Coating solution-5: A coating solution-5 was prepared by mixing the coating solution-1 with a silver iodide dispersion and adjusting the silver iodide concentration to 105 ppm (matching the number of moles to silver fluoride).

<Preparation of antibody filter (filter F-1 to filter F-5)>
Filter F-1: Carrier N-1 was immersed in coating solution-1 at room temperature for 5 minutes to give an antibody to the surface of the fiber carrier. The obtained sample was compressed with a roller having a surface pressure of 10 MPa, and the water content was measured and found to be 500%. Furthermore, when it was dried in an atmosphere of 50 ° C. × 30% PH until the water content became 1% or less, the water content reached 1% after 1 hour.
Filters F-2 to F-5: An antibody and an inorganic silver salt were applied to the fiber carrier surface in the same manner as the filter F-1, except that the antibody coating solution-1 was changed to the coating solution-2 to the coating solution-5. The imparted filters F-2 to F-5 were produced.

<Evaluation of virus inactivation efficiency>
For filters F-1 to F-5, virus inactivation efficiency was evaluated immediately after sample preparation. As the test virus solution, purified influenza virus diluted 10 times with PBS (virus concentration 200,000 plaques / ml) was used. Each of the samples was cut into 5 cm squares and attached and fixed in the center of the virus spray test apparatus.
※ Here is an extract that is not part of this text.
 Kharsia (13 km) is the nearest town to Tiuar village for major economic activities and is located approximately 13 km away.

The test virus solution was put in a nebulizer installed on the upstream side, and a virus recovery device was attached on the downstream side. Compressed air was sent from an air compressor, and the test virus was sprayed from the nebulizer spray port. A gelatin filter was installed on the downstream side of the mask, and air in the test apparatus was sucked at a suction flow rate of 10 L / min for 5 minutes to collect passing virus mist.
After the test, the gelatin filter collecting the virus was collected, and the virus infectivity after passing through the sample was determined by the TCID50 method (50% cell infectious dose measurement method) using MDCK cells. From the comparison of the virus infectivity value of the gelatin filter with and without the sample, the transient removal rate of the virus of each sample was calculated. The results are shown in Table 1.
Table 1 shows the logarithm of the reciprocal of the solubility product of inorganic silver salt supported on each sample at pH 7 and 25 ° C. = pK _sp .
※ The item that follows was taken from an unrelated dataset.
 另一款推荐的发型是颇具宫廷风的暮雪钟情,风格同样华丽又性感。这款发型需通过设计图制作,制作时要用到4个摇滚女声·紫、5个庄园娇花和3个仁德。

<Antimicrobial evaluation>
For filters F-1 to F-5, an antibacterial activity test was performed immediately after the production of these filters. The test method was performed in accordance with JIS 2801: 2000. As a test bacterium, Staphylococcus aureus subsp. Aureus NBRC 12732 (Staphylococcus aureus) pre-cultured on a standard agar medium was used. This culture was dispersed and diluted with 1/500 Nutrient broth to prepare a test bacterial solution. 0.4 ml of this test bacterial solution was brought into contact with each filter placed in a sterile petri dish and cultured at 35 ° C. for 24 hours. After culturing, the bacteria were washed from each test cloth with 10 ml of soybean / casein / digest / broth containing lecithin / polysorbate 80, and the number of bacteria in each test cloth was measured by an agar plate culture method. Moreover, when the number of bacteria immediately after contact was measured, it was 1.8 × 10 ⁵ .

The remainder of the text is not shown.